_Work instructions_
Find the line below with "Elevate your style" and the line with "Damit Ihr Gerätehaus". Output them and the lines between, exactly, but not the pictures.

_Raw data_
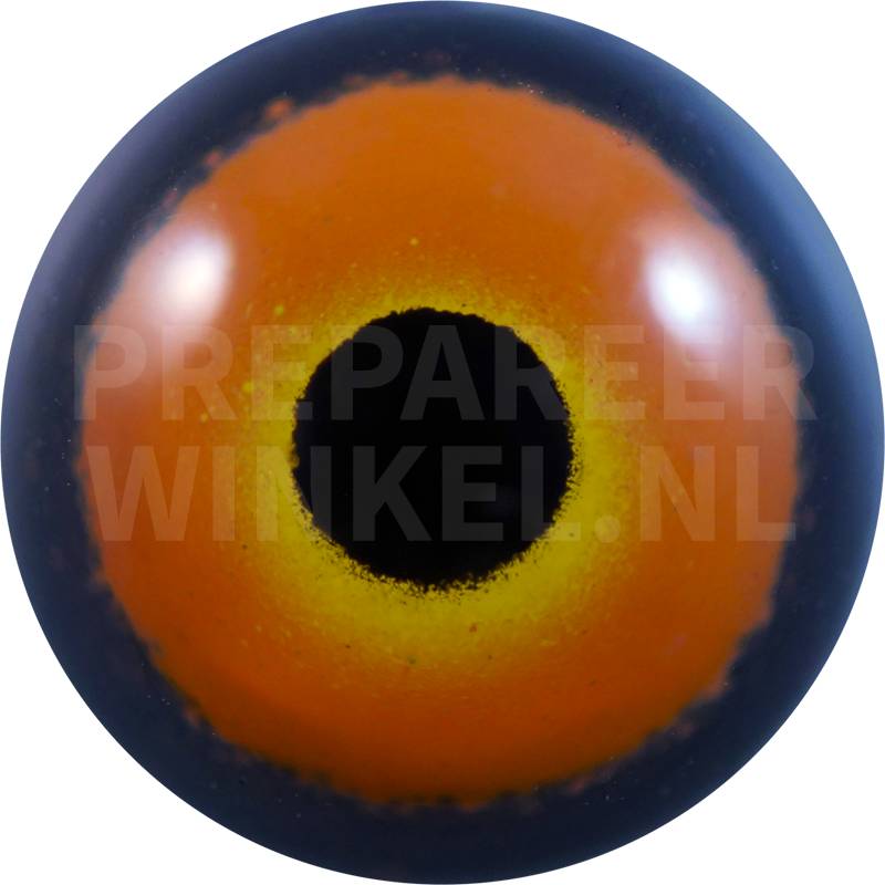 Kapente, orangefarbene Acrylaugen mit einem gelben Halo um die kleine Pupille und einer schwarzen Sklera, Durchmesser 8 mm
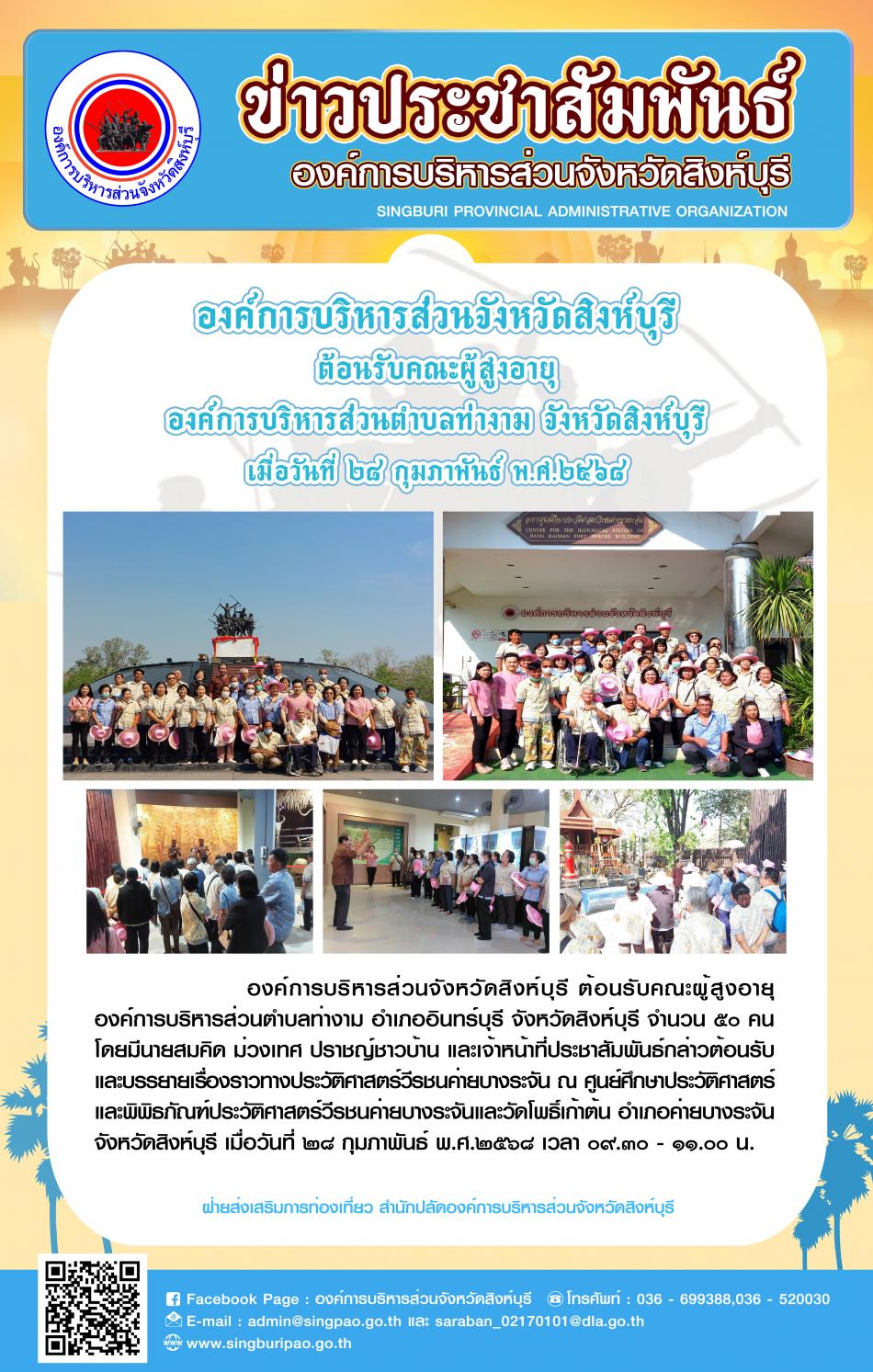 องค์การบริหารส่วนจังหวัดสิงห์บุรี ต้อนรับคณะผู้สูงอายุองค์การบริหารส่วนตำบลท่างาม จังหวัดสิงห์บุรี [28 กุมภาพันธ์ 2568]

---

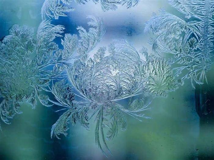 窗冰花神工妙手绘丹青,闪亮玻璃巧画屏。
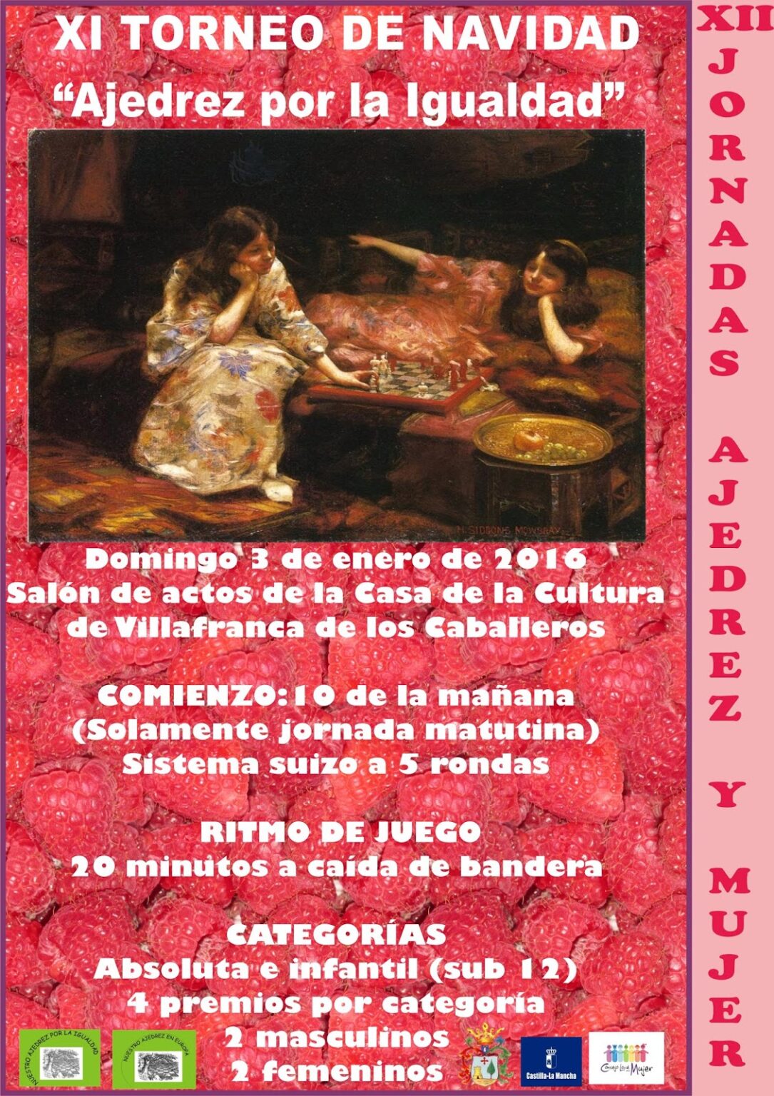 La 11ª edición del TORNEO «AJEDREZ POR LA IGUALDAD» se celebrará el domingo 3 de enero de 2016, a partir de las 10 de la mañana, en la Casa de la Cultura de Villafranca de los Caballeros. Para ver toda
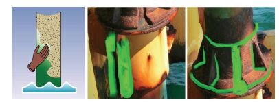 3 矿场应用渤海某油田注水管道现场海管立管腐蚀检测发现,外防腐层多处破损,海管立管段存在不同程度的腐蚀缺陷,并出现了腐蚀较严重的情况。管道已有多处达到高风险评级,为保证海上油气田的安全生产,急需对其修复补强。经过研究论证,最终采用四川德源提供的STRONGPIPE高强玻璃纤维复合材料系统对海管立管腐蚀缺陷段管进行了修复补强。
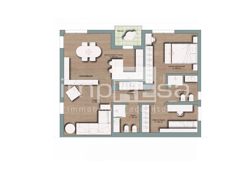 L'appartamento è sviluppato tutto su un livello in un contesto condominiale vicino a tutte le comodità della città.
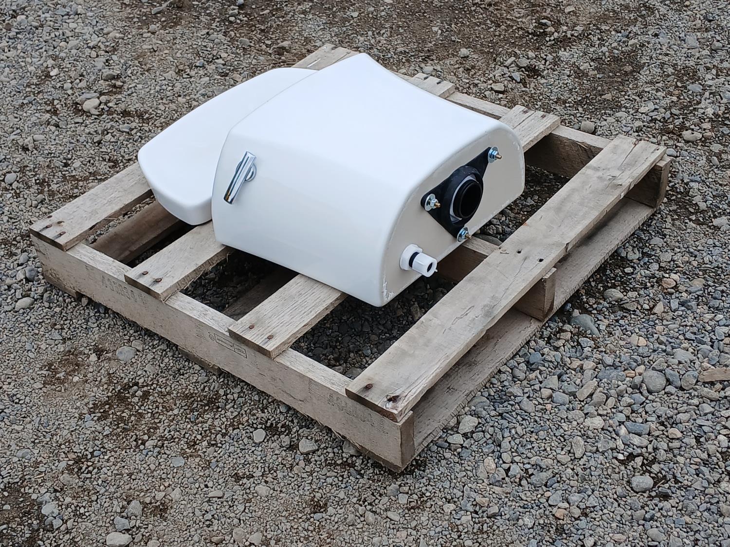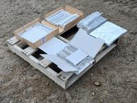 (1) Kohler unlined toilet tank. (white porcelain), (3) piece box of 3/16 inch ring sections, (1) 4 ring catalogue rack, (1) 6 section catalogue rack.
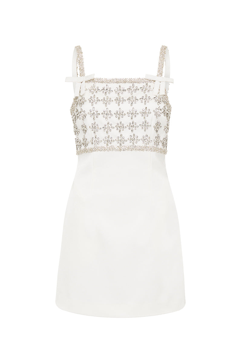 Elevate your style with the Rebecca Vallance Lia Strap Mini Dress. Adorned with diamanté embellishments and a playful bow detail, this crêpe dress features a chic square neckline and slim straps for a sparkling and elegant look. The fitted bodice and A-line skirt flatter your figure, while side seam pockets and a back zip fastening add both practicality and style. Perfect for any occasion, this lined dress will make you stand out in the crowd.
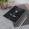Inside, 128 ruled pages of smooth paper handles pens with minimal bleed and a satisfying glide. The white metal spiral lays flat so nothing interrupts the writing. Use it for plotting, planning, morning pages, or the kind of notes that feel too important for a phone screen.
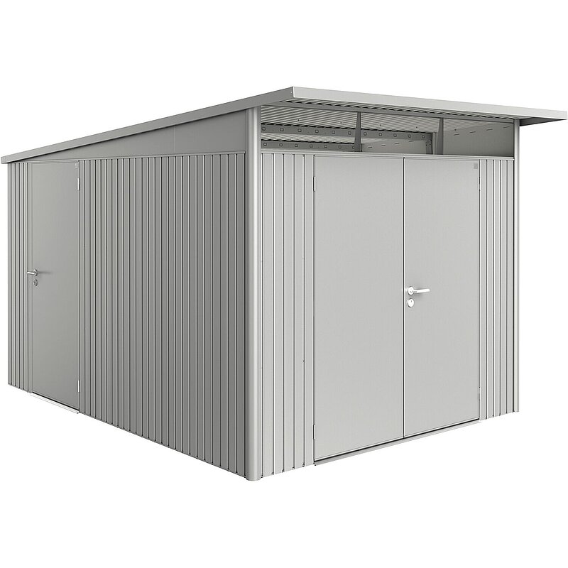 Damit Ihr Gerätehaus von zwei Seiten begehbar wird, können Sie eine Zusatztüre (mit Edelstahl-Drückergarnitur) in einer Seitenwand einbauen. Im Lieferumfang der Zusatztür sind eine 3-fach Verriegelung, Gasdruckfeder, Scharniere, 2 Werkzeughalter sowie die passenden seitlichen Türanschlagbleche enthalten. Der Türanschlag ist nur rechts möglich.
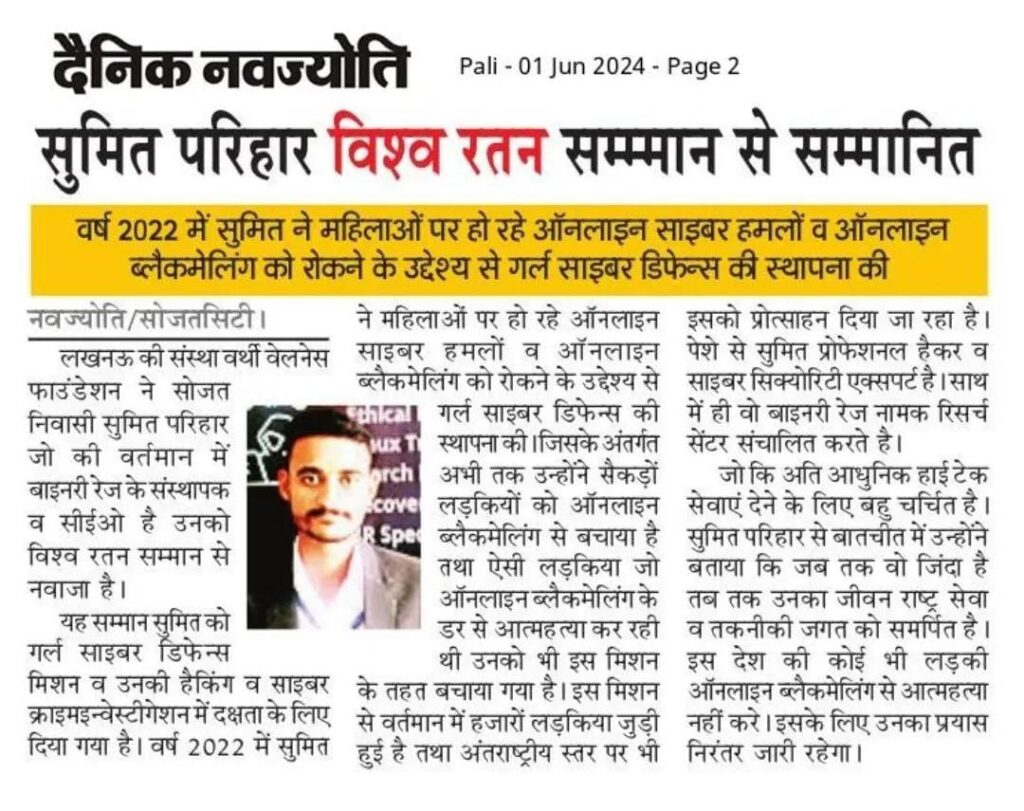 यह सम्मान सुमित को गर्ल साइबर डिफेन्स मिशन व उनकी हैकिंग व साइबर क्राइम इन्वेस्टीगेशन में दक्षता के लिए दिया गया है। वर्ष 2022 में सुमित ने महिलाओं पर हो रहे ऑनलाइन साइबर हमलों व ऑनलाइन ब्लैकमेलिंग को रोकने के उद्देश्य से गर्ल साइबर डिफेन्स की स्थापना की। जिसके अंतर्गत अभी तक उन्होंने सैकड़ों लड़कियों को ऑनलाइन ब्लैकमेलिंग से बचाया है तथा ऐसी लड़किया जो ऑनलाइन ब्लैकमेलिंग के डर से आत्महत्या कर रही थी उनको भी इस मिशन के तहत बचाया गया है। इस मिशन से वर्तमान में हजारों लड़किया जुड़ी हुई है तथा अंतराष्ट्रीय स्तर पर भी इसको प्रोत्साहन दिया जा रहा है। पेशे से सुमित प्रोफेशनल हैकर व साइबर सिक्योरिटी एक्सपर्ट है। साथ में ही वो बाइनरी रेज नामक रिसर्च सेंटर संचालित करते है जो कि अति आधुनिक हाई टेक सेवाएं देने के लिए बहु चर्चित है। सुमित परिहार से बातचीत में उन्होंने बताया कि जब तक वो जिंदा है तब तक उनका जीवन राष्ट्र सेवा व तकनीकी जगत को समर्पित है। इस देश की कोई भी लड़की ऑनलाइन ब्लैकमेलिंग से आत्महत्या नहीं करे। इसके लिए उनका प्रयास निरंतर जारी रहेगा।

_The completed task_
 Elevate your style with the Rebecca Vallance Lia Strap Mini Dress. Adorned with diamanté embellishments and a playful bow detail, this crêpe dress features a chic square neckline and slim straps for a sparkling and elegant look. The fitted bodice and A-line skirt flatter your figure, while side seam pockets and a back zip fastening add both practicality and style. Perfect for any occasion, this lined dress will make you stand out in the crowd.
Inside, 128 ruled pages of smooth paper handles pens with minimal bleed and a satisfying glide. The white metal spiral lays flat so nothing interrupts the writing. Use it for plotting, planning, morning pages, or the kind of notes that feel too important for a phone screen.
 Damit Ihr Gerätehaus von zwei Seiten begehbar wird, können Sie eine Zusatztüre (mit Edelstahl-Drückergarnitur) in einer Seitenwand einbauen. Im Lieferumfang der Zusatztür sind eine 3-fach Verriegelung, Gasdruckfeder, Scharniere, 2 Werkzeughalter sowie die passenden seitlichen Türanschlagbleche enthalten. Der Türanschlag ist nur rechts möglich.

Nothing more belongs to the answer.